* What the task requires:
Retype each line of the data below exactly, beginning with the first and ending with the one that contains "KINDERKRAFT SELECT Kombinált". Pictures do not belong in the copy.

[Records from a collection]

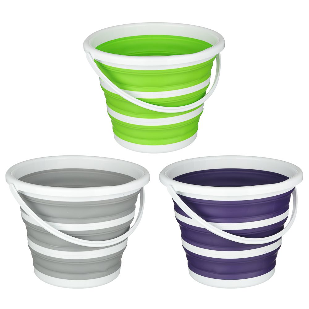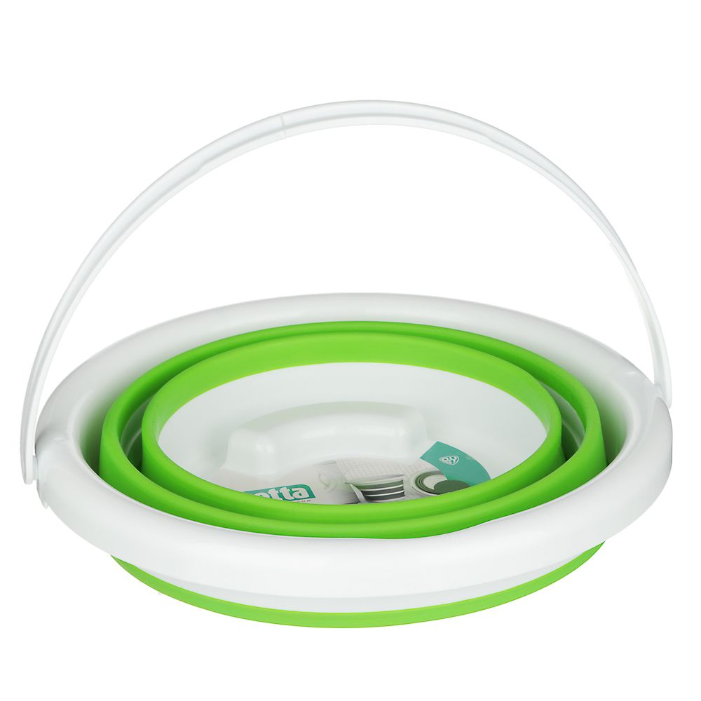 Ведро складное силиконовое 10 л – необходимая вещь в быту, на даче, на рыбалке и в походе. Плоское и компактное в сложенном виде, поэтому его можно хранить под ванной, на невысокой полке или за стеллажом, а также повесить на петлю. Легко и быстро раскладывается и хорошо держит форму. Может использоваться для полива, уборки, сбора урожая и грибов, хранения улова. Подходит для горячей воды. 3 цвета на выбор.
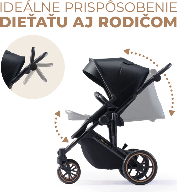 KINDERKRAFT SELECT Kombinált babakocsi 3 az 1-ben Prime 2 Venezian Black, Premium
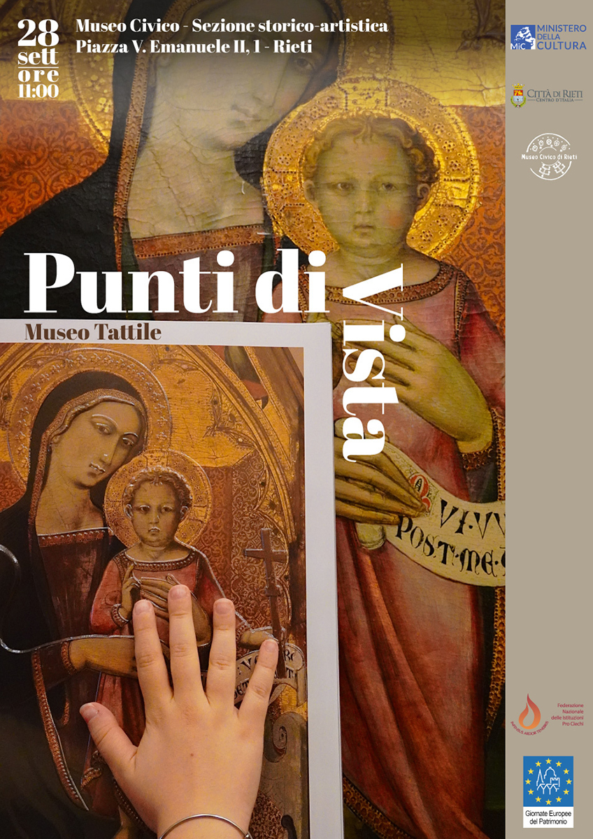 L’iniziativa che propone il Museo Civico di Rieti fa parte di un progetto più ampio che vede la costituzione di un percorso permanente di inclusione alle collezioni del Museo Civico. Grazie ad un finanziamento del Ministero della Cultura dedicato ai piccoli musei è stato possibile iniziare questo processo e realizzare un percorso per non vedenti e ipovedenti che si snoda attraverso le sale della sezione Storico – Artistica del Museo Civico, alla scoperta di opere e oggetti rappresentativi che permetteranno di conoscere la città di Rieti e alcuni suoi monumenti. Tema specifico del percorso museale che si inaugura è il paesaggio urbano della città di Rieti, caratteristica per il suo aspetto attuale di cittadina medievale che conserva nell’impianto la memoria di città romana. Un percorso museale che è quasi un cammino tra le vie di Rieti che con il suo paesaggio storico, permette di scoprire i principali assi di viabilità, i palazzi, gli edifici religiosi, le piazze e gli edifici produttivi.
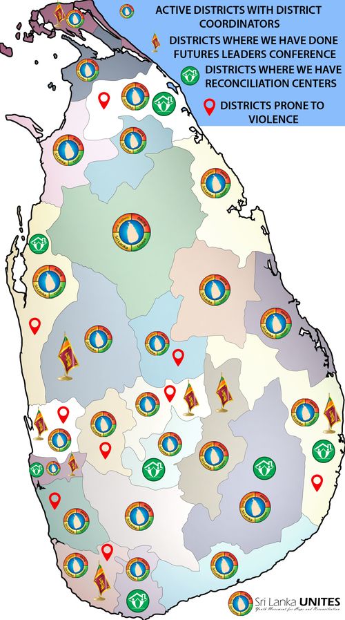 Sri Lanka is where our movement began back in 2007. The movement is now over 20,000 members strong, active in 25 districts, engaging youth in five reconciliation centers and has 15 full-time staff.
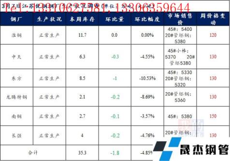 江蘇優(yōu)特?zé)o縫厚壁鋼管廠家棒材總庫(kù)存35.3萬(wàn)噸,較上周下降1.8萬(wàn)噸,環(huán)比降4.85%,較去年同期下降4.68萬(wàn)噸,同比降11.71%,目前江蘇優(yōu)特?zé)o縫厚壁鋼管廠家均正常生產(chǎn)。
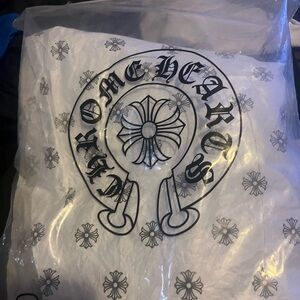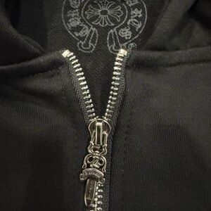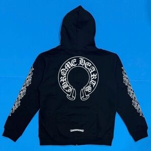 Black zip-up hoodie featuring bold white Chrome Hearts logo graphics. Decorative white sleeve and chest prints. Silver zipper detail. Streetwear staple with branded tags.
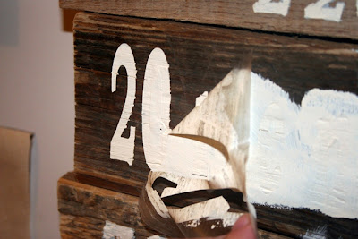 14. Now transfer the lettering to the board. Be sure it's centered. I made the mistake of being a little off centered on a few of mine and now it bugs me a bit. Using your scraper, gently scrape over the tape to adhere it to the wood nicely. Some of these boards have holes or really rough spots so make sure it's stuck all the way with no air pockets or gaps that paint can escape through. Then gently pull off the tape and the contact lettering will remain on the wood. Now you're ready to paint!
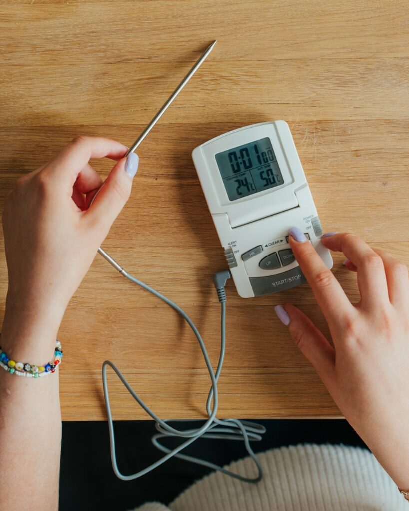 Digitaalisen lämpömittarin kanssa ei tarvitse arvuutella ja tunnustella lihojen ja kalojen kypsyysasteita, vaan saat aina kypsennettyä ne juuri oikeaan sisälämpötilaan. Hyvä digitaalinen lämpömittari toimii myös esim. frittiöljyn lämmön mittaamiseen tai veden lämpötilan mittaamiseen leivonnassa. Suomen lämpömittarin paistomittari on varma valinta ja sisältää myös ajastimen!
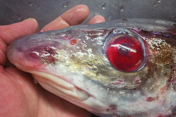 Ngư dân Nga mới bắt được con cá kỳ dị với đôi mắt đỏ như máu.
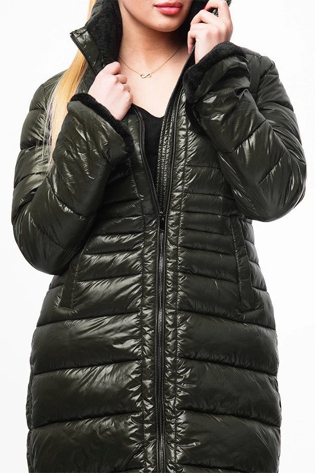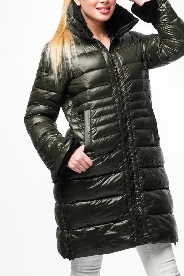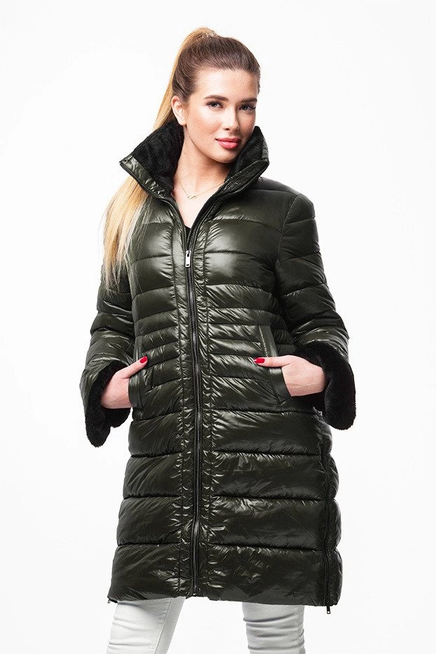 Zimowa kurtka damska z futrzanym kołnierzem khaki
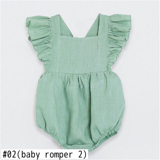 新生児ロンパース夏フリルリネンコットン女の赤ちゃん服幼児女の赤ちゃんジャンプスーツ 0-2Y 女の赤ちゃん ラッフル サマー 夏物
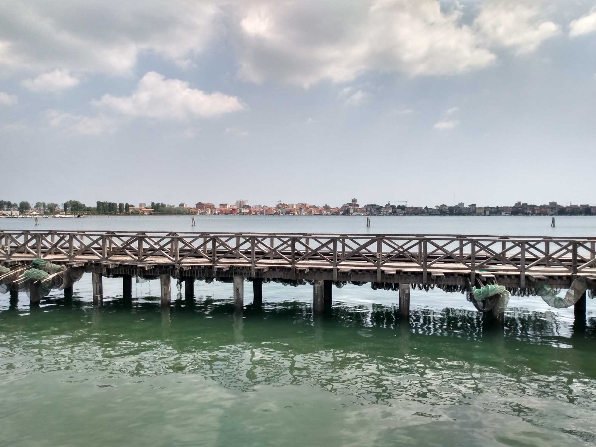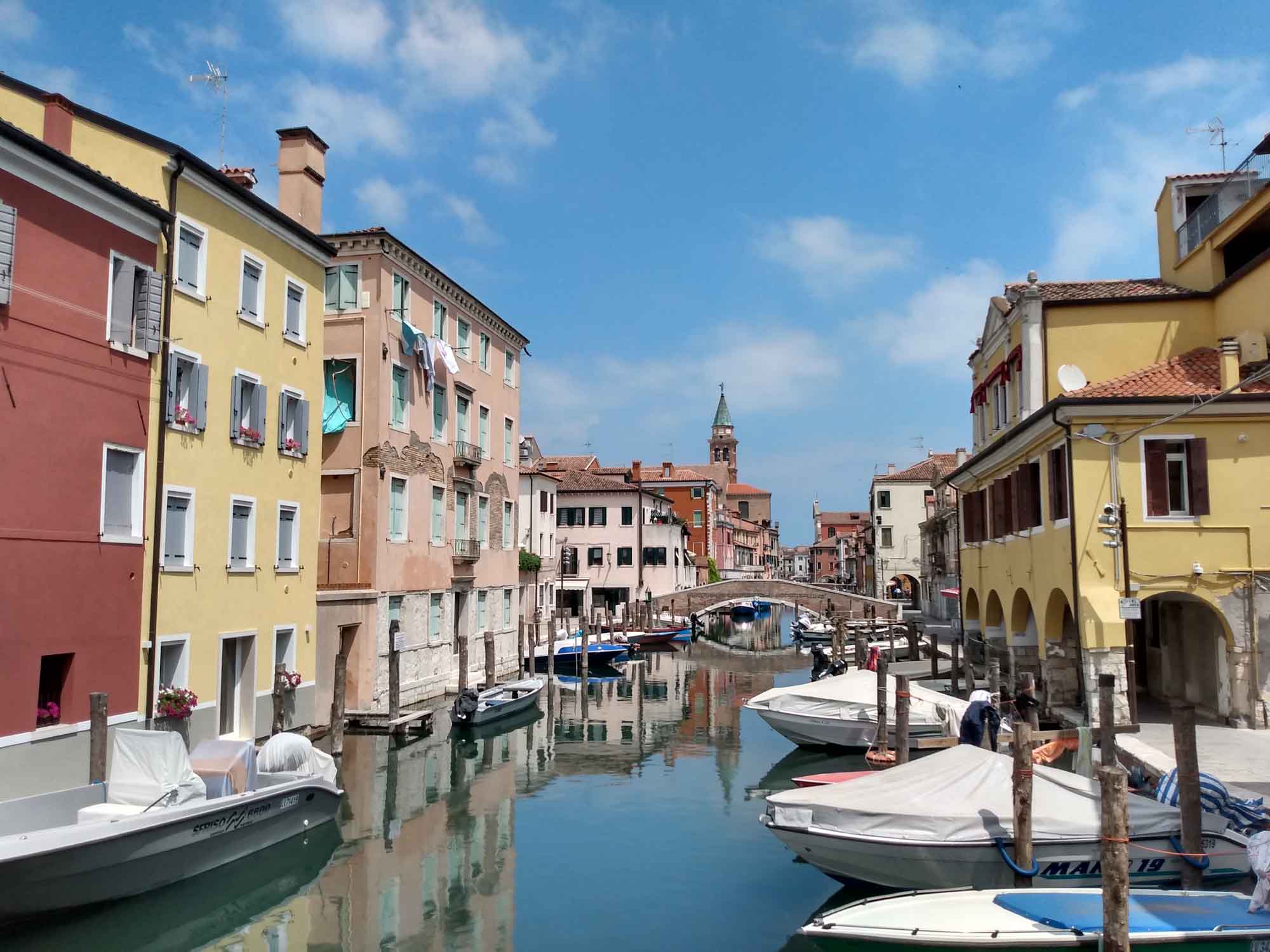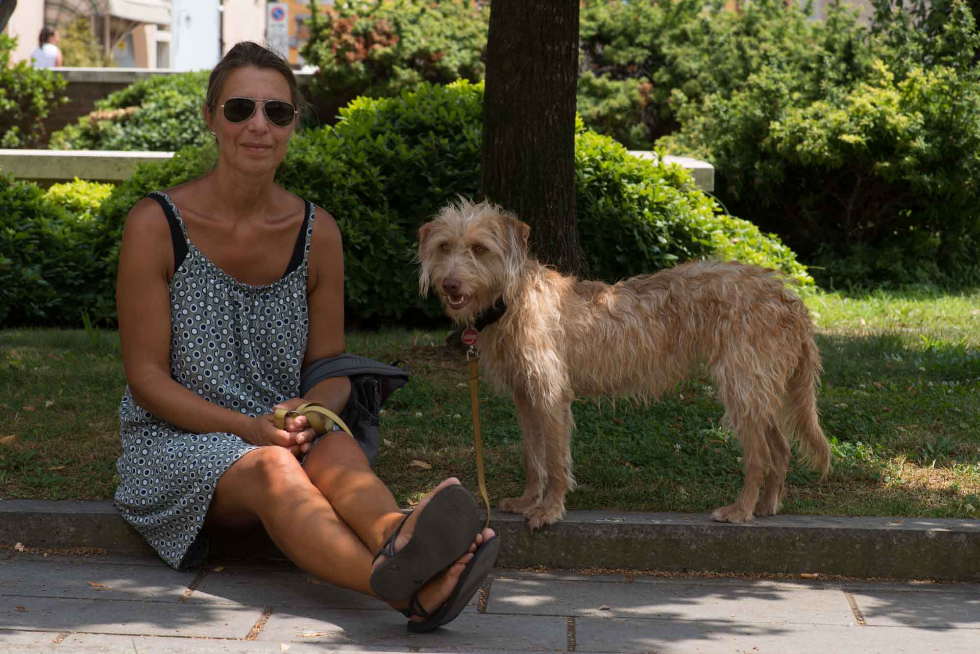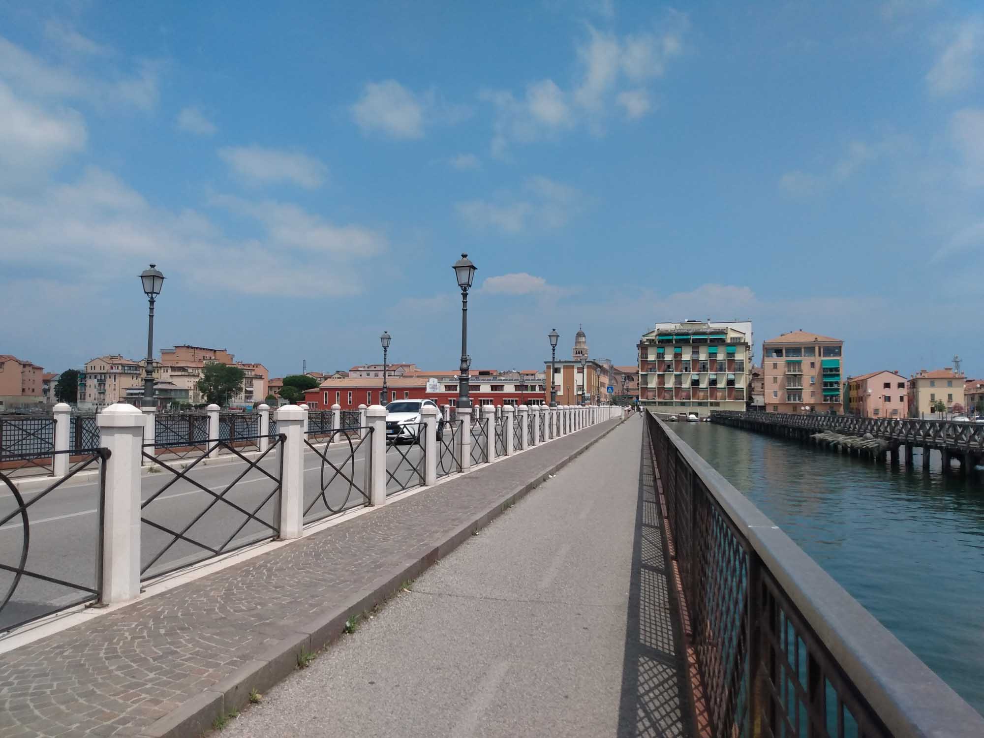 Morgens spazierten wir mit Berta ausnahmsweise an der Leine. Das Risiko noch einmal stundenlang Kletten aus ihr herauspulen zu müssen, wollten wir nicht eingehen. Auch so brauchten wir noch einmal eine halbe Stunde, bis sie endlich halbwegs wieder sauber war. Gegen halb 10 fuhren wir los und wären auch noch recht zeitig in Chioggia angekommen, wenn uns nicht ein längerer Stau an einer Baustelle aufgehalten hätte. So war es dann schon 11:30 Uhr als wir dort ankamen und von unserem Parkplatz in die Altstadt spazierten. Auf dem Hinweig gab es noch ein paar Schatten und wir versuchten so gut wie möglich im Schatten zu laufen. In Chioggia gibt es (fast) wie in Venig kleine Kanäle mit Brücken, an denen zahlreiche Boote liegen. Ein niedliches kleines Örtchen und eine echte Alternative, wenn man dem Troubel in Vendig entgehen will. Hier konnten wir ungestört laufen, ein Eis genießen, Berta beim Baden in einer Vogeltränke zusehen, die Sonne auf uns herniederbrennen lassen, den Ausblick genießen und jede Menge schwitzen. Auf dem Rückweg stand die Sonne im Zenit und auch das letzte bisschen Schatten war verschwunden. Michael ging daher das Auto alleine holen, während Aneta mit Berta unter einem Baum wartete. Dann fuhren wir weiter die Küste entlang. Bei Vendig schüttete es plötzlich wie aus Kübeln. Und da hieß es doch, dass derzeit in Norditalien Dürre herrsche. Dies betrifft aber nur den westlichen Teil von Norditalien. Im Veneto war alles sehr grün, nur der Po führte deutlich weniger Wasser als sonst üblich, wie wir an den freiliegenden und mit toten Muscheln besetzten Uferbänken erkennen konnten. Nach knapp 2 Stunden hielten wir bei Palmanova an, um die Drohne über der Stadt fliegen zu lassen. Palmanova ist eine kleine Stadt, die im Zentrum einer alten Zitadelle errichtet worden ist. Und das kann man natürlich am besten aus der Luft sehen. Also Drohne hoch und noch ein bisschen höher, einmal über den zentralen Platz geflogen und wieder zurück. Danach fuhren wir in die Stadt und nahmen von dort eine Pizza mit. Als wir zu Fuß durch die Stadt gingen, bemerkten wir außer dass wir durch ein altes Festungstor hineingefahren waren, nichts von der besonderen Anlage der Stadt. Die Pizza aßen wir dann an unserem Stellplatz, der heute am Fluß Torre lag. Berta legte sich nach dem Abendessen gleich draußen hin und schlief selig, bis wir sie wieder hereinholten, als auch wir zu Bett gingen.
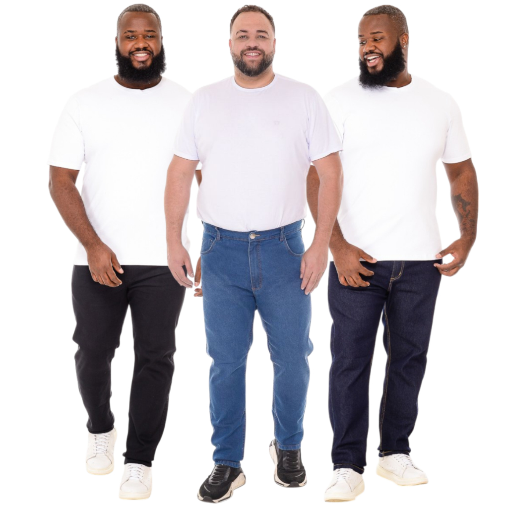 Calça Masculina Plus Size Sarja Com Lycra Colorida - Kit 3 Peças 50 ao 66 - Tamanho Grande - Preta - Branca - Vinho - Verde - Creme - Caramelo - Cinza
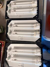 Appliques per esterno stagni . Guarnizioni nuove . Completi di lampade al neon ( bianco naturale) 2x 18 watt ciascuna . Molto luminosi . Vendita in blocco
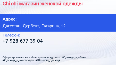 Chi chi, магазин женской одежды по адресу Дагестан, Дербент, Гагарина, 12 в дальнейшем Организация, размещена в следующих категориях:
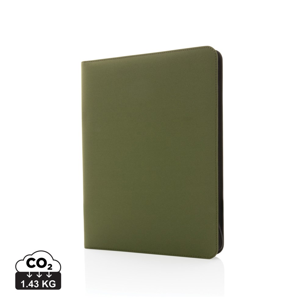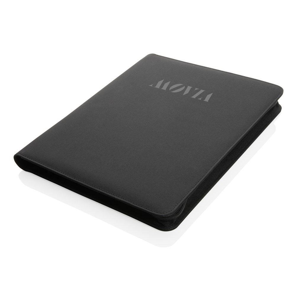 Deze A4 Impact AWARE™ deluxe 300D tech portfolio met ritssluiting voegt een beetje extra verfijning toe aan je werk. Bewaar uw belangrijke documenten, kaarten en notities bij elkaar. In het A4-portfolio vindt u een gelinieerd schrijfblok van 64 g/2 gerecycled papier met 20 pagina's. Binnenin is er 1 telefoonvak, een telefoonhouder, pennenlus en 2 sleuven voor visitekaartjes. Met AWARE™ tracer die het echte gebruik van gerecyclede materialen valideert. Elke portfolio bespaart 4,8 liter water en heeft 8 0,5L PET-flessen hergebruikt. 2% van de opbrengst van elk verkocht Impact-product wordt gedoneerd aan Water.org. PVC-vrij.
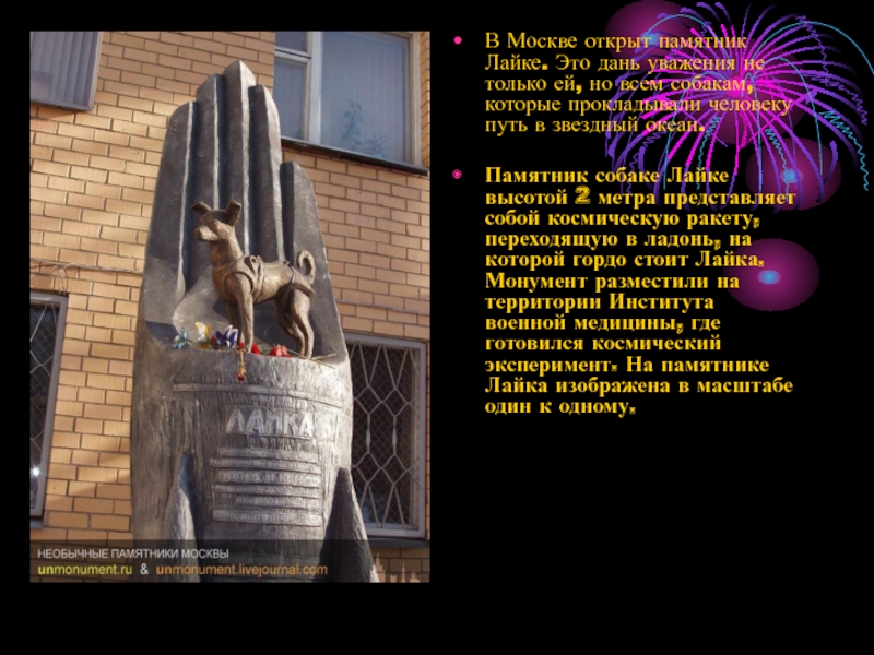Памятник собаке Лайке высотой 2 метра представляет собой космическую ракету, переходящую в ладонь, на которой гордо стоит Лайка. Монумент разместили на территории Института военной медицины, где готовился космический эксперимент. На памятнике Лайка изображена в масштабе один к одному.
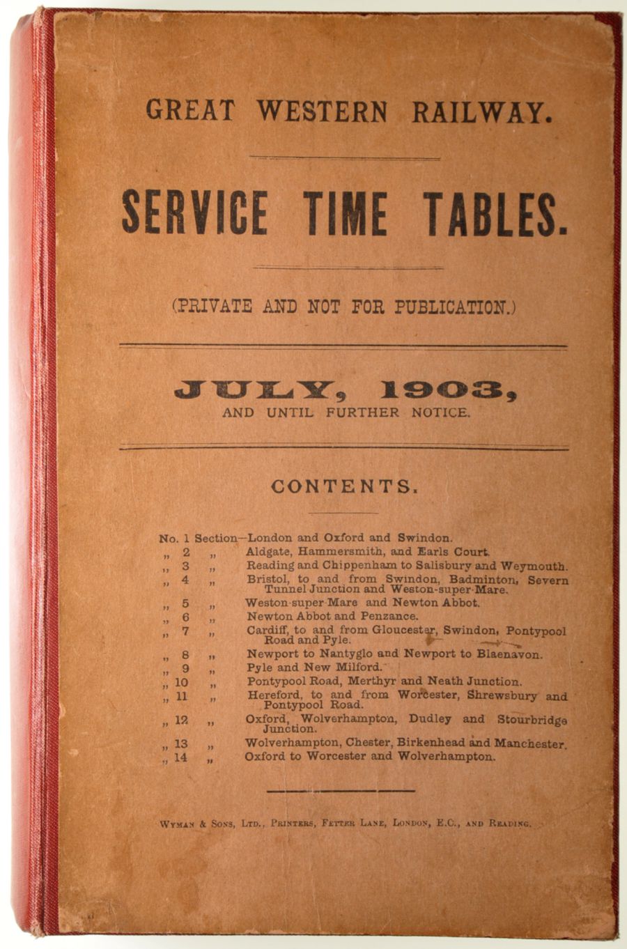 Category: Timetables (Working)GWR, July 1903 u.f.n, Sections 1-14, within a single bound volume, 3" thick. | |

* Worked solution:
 Ведро складное силиконовое 10 л – необходимая вещь в быту, на даче, на рыбалке и в походе. Плоское и компактное в сложенном виде, поэтому его можно хранить под ванной, на невысокой полке или за стеллажом, а также повесить на петлю. Легко и быстро раскладывается и хорошо держит форму. Может использоваться для полива, уборки, сбора урожая и грибов, хранения улова. Подходит для горячей воды. 3 цвета на выбор.
 KINDERKRAFT SELECT Kombinált babakocsi 3 az 1-ben Prime 2 Venezian Black, Premium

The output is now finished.